> _Task to carry out_: This exercise calls for the line with "Простынь Maison D'or", the line with "(서울=뉴스1) 신웅수 기자", and all lines between them in the material below, output exactly and with no other lines.

> _Data extract_:
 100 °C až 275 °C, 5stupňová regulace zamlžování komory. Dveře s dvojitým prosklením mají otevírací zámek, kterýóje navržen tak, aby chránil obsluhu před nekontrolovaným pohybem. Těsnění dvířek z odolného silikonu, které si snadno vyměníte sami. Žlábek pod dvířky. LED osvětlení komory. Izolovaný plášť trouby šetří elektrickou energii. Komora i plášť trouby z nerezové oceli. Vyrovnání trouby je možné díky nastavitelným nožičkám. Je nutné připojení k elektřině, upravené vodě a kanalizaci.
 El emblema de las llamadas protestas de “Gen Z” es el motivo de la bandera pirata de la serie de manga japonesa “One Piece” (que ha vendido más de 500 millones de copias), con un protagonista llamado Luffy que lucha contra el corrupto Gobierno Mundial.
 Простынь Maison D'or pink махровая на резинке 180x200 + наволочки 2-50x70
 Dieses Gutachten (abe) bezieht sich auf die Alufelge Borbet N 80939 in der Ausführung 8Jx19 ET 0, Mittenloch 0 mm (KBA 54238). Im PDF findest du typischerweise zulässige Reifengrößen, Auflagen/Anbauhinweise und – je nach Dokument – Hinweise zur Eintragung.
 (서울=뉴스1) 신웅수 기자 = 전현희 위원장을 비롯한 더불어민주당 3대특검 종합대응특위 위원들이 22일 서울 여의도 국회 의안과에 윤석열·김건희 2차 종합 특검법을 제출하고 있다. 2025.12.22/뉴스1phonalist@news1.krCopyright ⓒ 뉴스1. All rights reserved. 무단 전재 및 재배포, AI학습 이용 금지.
--
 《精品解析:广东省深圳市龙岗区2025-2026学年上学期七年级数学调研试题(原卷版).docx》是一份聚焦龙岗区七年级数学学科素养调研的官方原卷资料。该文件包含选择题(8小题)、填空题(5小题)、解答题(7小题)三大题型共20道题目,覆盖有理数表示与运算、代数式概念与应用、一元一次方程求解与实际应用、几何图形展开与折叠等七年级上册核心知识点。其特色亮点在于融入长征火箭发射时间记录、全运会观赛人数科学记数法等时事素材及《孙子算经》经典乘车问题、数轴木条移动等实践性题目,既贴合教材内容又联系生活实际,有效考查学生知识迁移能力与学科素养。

> _Task output_:
 Простынь Maison D'or pink махровая на резинке 180x200 + наволочки 2-50x70
 Dieses Gutachten (abe) bezieht sich auf die Alufelge Borbet N 80939 in der Ausführung 8Jx19 ET 0, Mittenloch 0 mm (KBA 54238). Im PDF findest du typischerweise zulässige Reifengrößen, Auflagen/Anbauhinweise und – je nach Dokument – Hinweise zur Eintragung.
 (서울=뉴스1) 신웅수 기자 = 전현희 위원장을 비롯한 더불어민주당 3대특검 종합대응특위 위원들이 22일 서울 여의도 국회 의안과에 윤석열·김건희 2차 종합 특검법을 제출하고 있다. 2025.12.22/뉴스1phonalist@news1.krCopyright ⓒ 뉴스1. All rights reserved. 무단 전재 및 재배포, AI학습 이용 금지.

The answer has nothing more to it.